PROBLEM TO SOLVE:
Give back exactly the lines of the entries below from the line with "Solid Wood Dining" to the line with "Lone Star Law", inclusive, and only those.

DATA SUPPLIED:
»»

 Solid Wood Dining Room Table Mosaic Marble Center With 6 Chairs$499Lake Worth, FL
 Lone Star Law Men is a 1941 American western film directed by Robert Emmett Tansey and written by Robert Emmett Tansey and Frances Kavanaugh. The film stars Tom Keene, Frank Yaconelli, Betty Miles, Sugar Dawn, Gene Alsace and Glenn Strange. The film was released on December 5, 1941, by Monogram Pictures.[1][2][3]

««
»»

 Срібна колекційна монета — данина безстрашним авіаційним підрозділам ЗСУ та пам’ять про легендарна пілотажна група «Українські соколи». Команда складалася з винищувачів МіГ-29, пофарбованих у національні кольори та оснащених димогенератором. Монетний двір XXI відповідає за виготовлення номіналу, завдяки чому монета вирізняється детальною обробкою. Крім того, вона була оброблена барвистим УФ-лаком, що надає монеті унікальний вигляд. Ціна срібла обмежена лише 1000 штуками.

««

TASK OUTPUT:
 Solid Wood Dining Room Table Mosaic Marble Center With 6 Chairs$499Lake Worth, FL
 Lone Star Law Men is a 1941 American western film directed by Robert Emmett Tansey and written by Robert Emmett Tansey and Frances Kavanaugh. The film stars Tom Keene, Frank Yaconelli, Betty Miles, Sugar Dawn, Gene Alsace and Glenn Strange. The film was released on December 5, 1941, by Monogram Pictures.[1][2][3]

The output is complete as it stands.